There are also pipeline improvements to consider: switching to a proper XML parser for the RSS feeds, pre-computing some of the metadata that is currently derived at runtime (such as the country list and related story counts), and potentially expanding the list of sources.
Wrapping up
When I got the idea for Blue Earth, I honestly did not think it would be possible. At the very least, I thought that the interaction between Three.js and native HTML elements would seem clunky and not feel quite natural. I was blown away when I saw how natural and well everything worked in the end, using a single canvas element. I am just starting to understand and experiment with the HTML in Canvas API, but from my initial exploration, it opens doors to experiences on the web that would either not have been possible before, be almost entirely inaccessible, or be so resource-heavy that it would not make sense for many real-world scenarios.

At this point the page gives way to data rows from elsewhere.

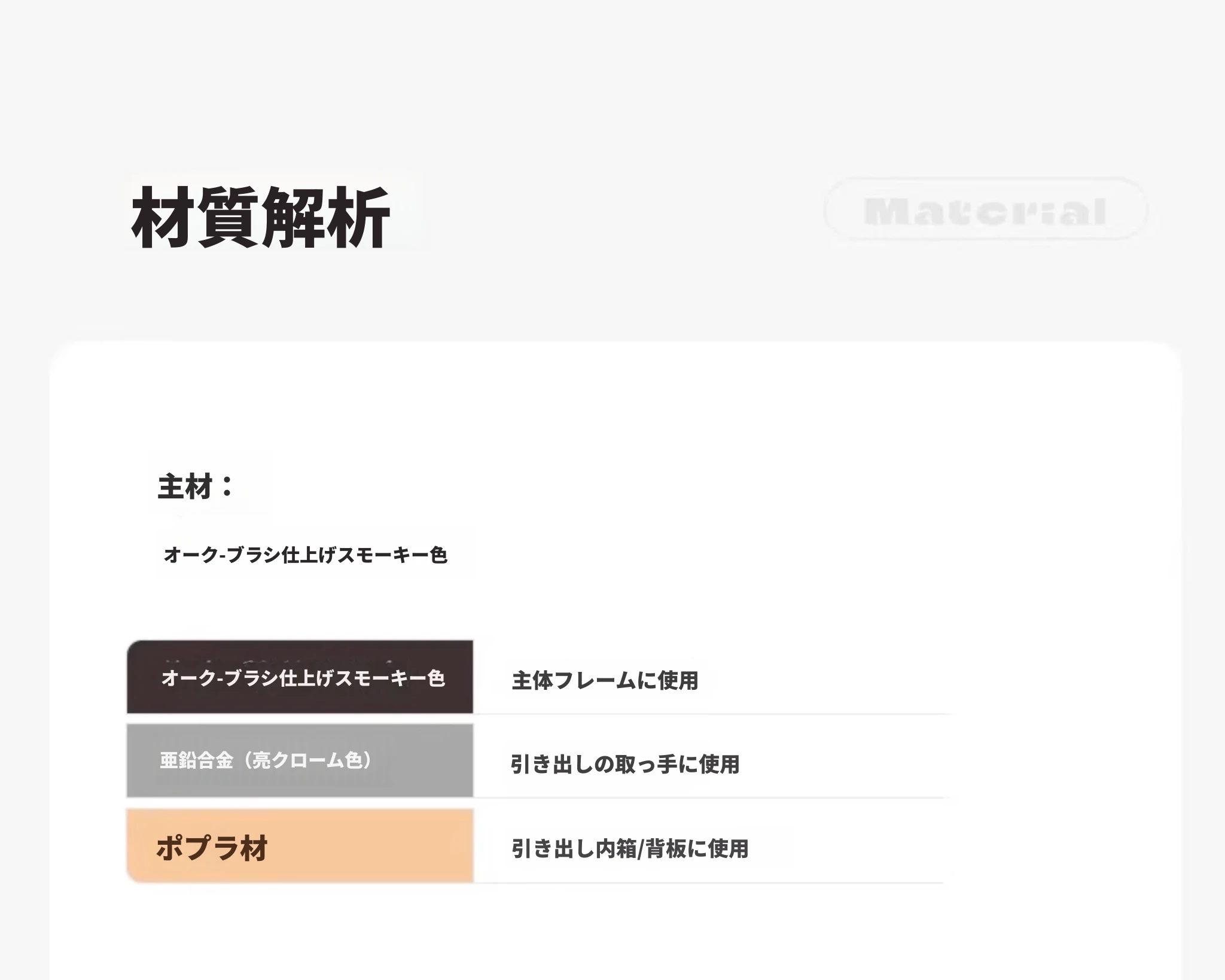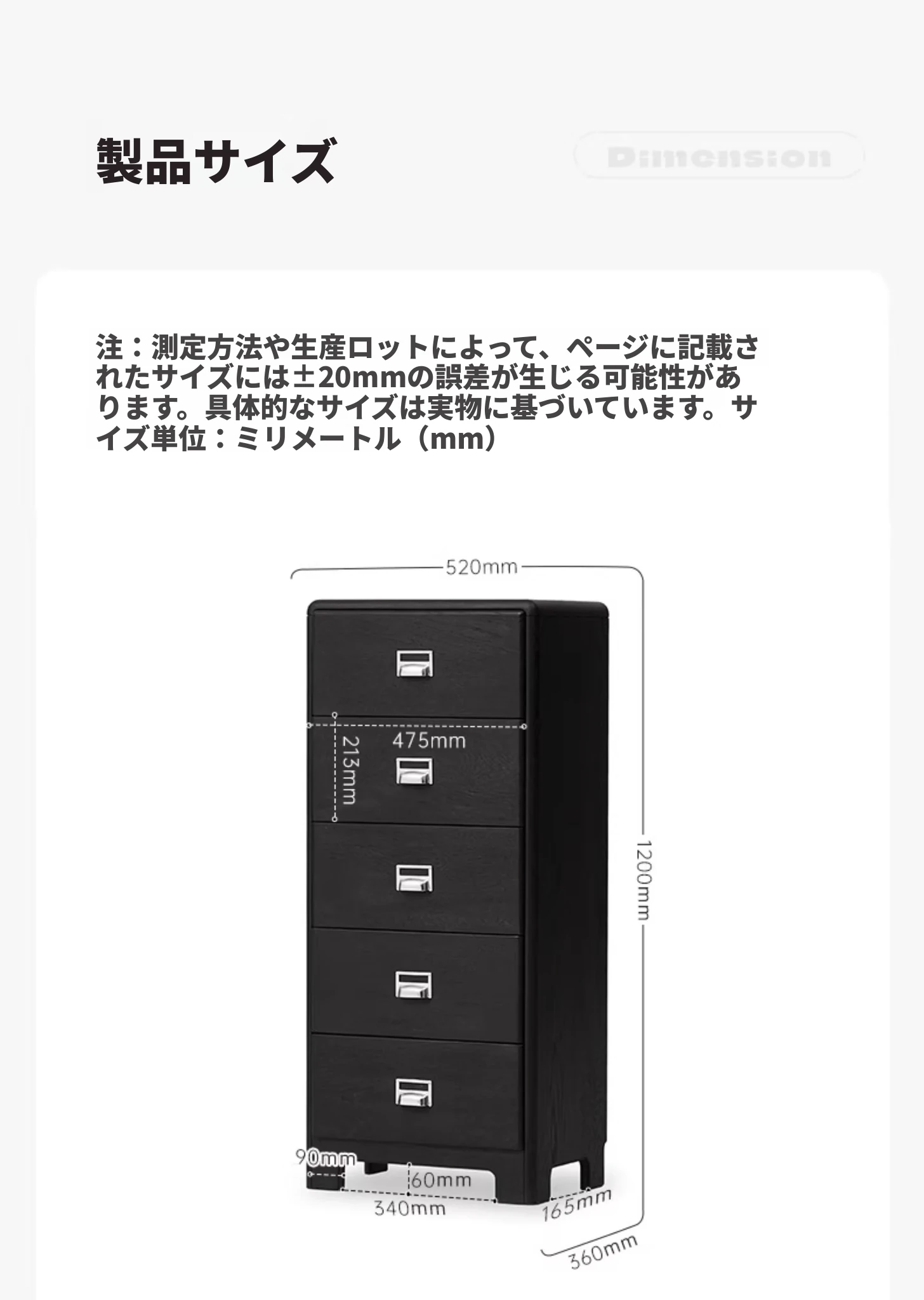 スモークカラー・幅0.52mの5段チェスト(520*360*1200mm)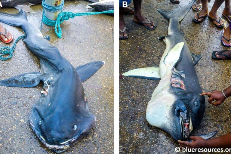 The individual, measuring 2.6 m (8.5 ft), was accidentally caught in a surface tuna gillnet set by a multiday fishing vessel off Sri Lanka’s west coast. Curious fishers, unfamiliar with the strange catch, brought it ashore at Beruwala Fishery Harbour, where it was handed over to the authorities.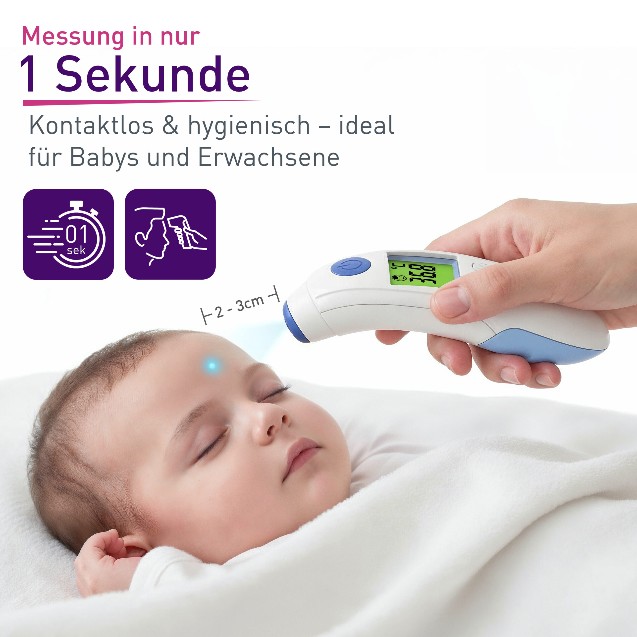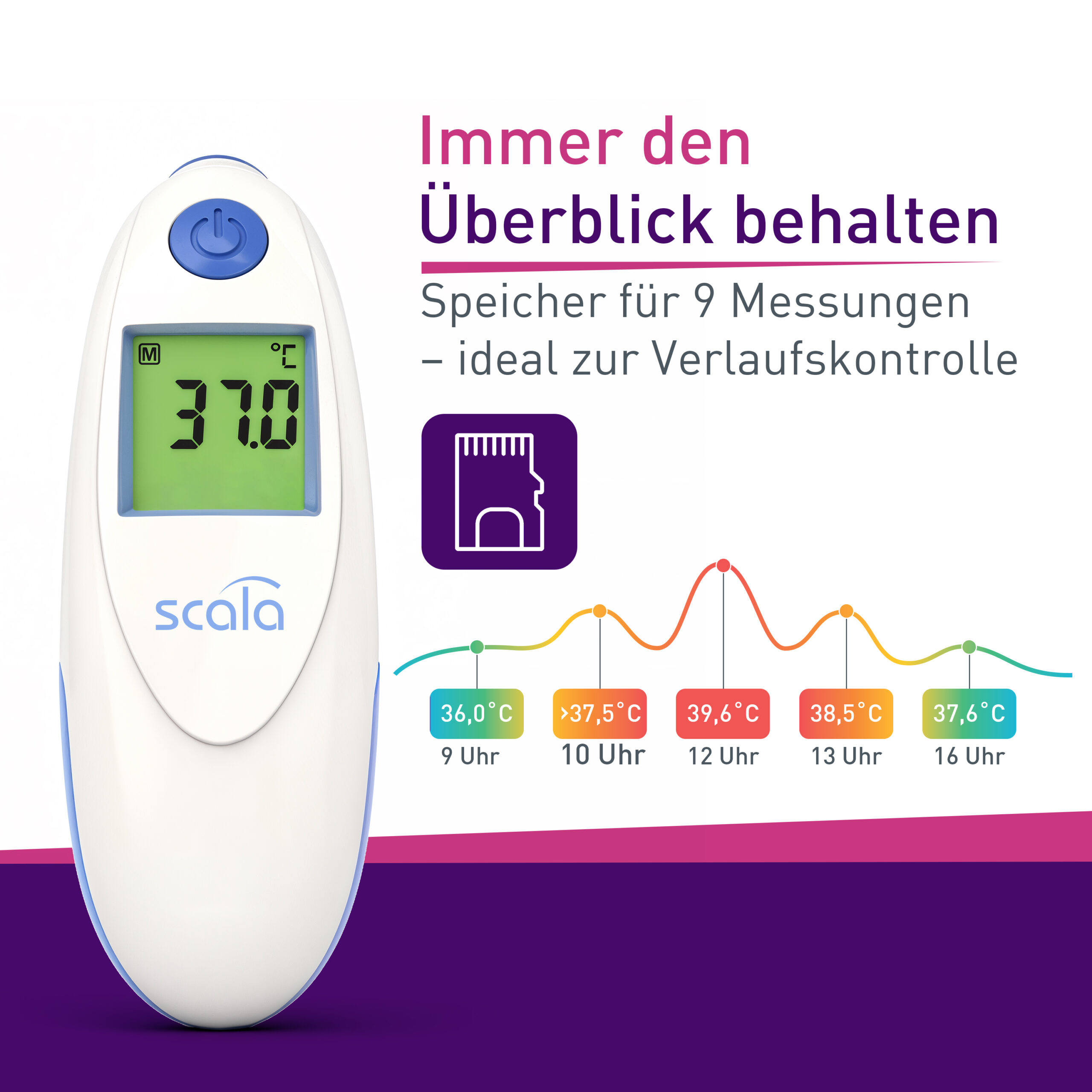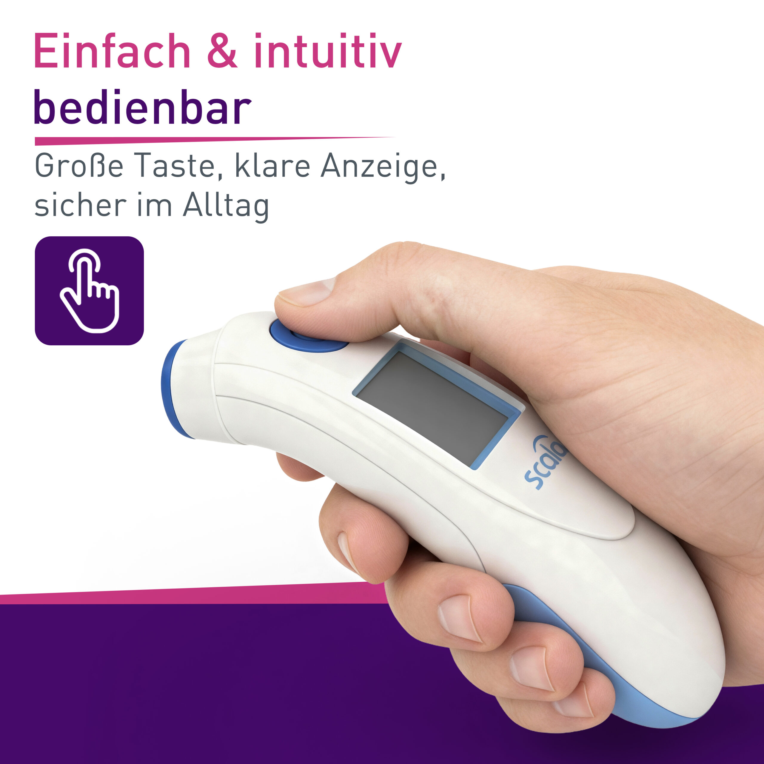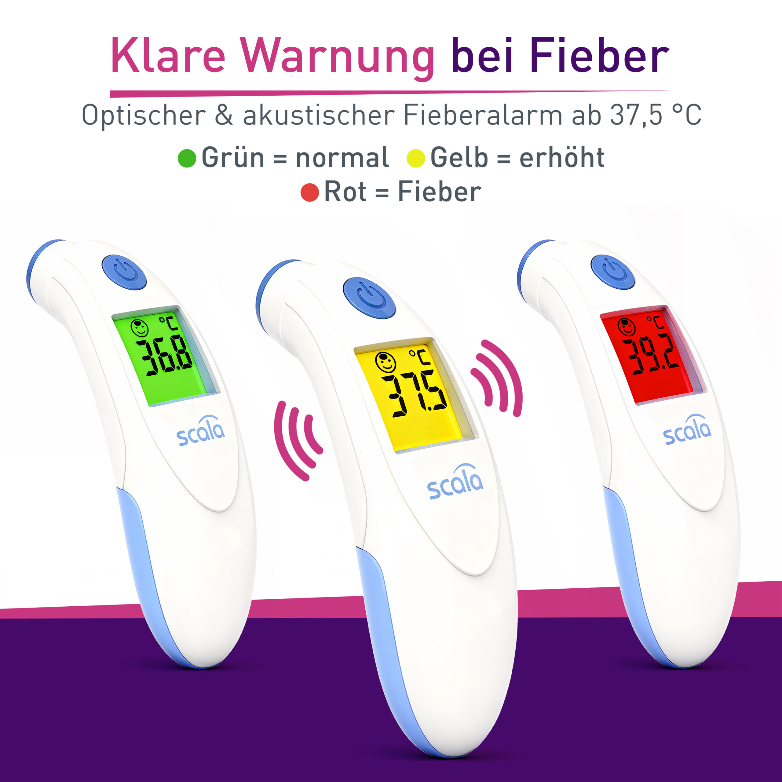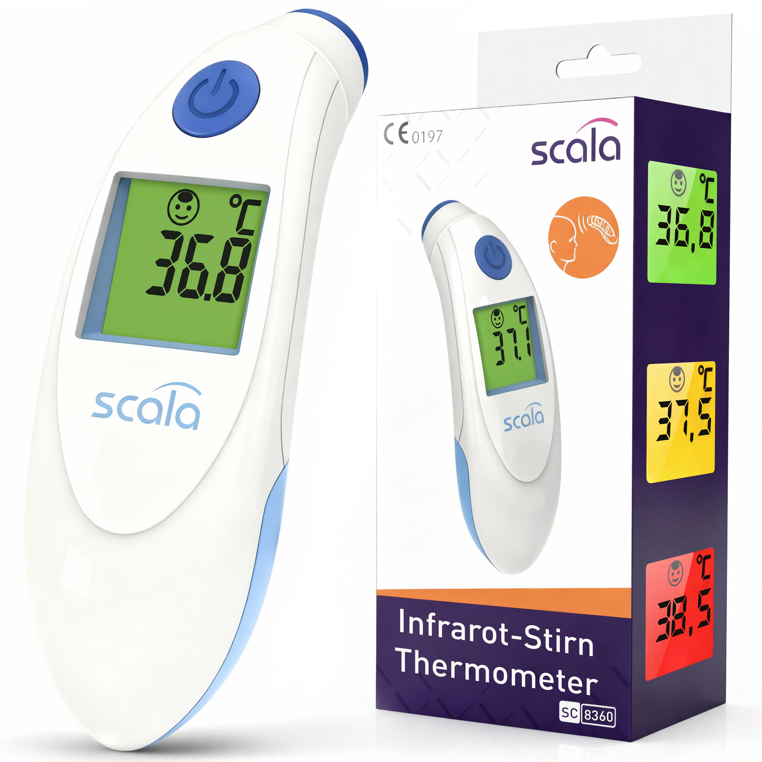 Bereichern Sie Ihre medizinische Ausstattung daheim mit dem kontaktlosen Infrarot-Fieberthermometer SC 8360 von SCALA in blau mit LED und Fieberalarm. Damit gelingt ein schnelles kontaktloses Fiebermessen mit einer Messung über der Stirn in nur ca. 1 Sekunde Messzeit.

I am excited to see how this specification evolves, and hope to see other browser makers jump in, participate, and start implementing the API. In order for this to happen, though, we, the web developer community, need to send out signals to show that we want and need this to be part of the platform.
So, try it yourself, enable the flag at chrome://flags/#canvas-draw-element in Chrome Canary, and have a look at the WICG explainer and the specification. There is also a growing list of community demos worth exploring for inspiration. Go ahead and build something and share it with the wider community. We all cannot wait to see what you make.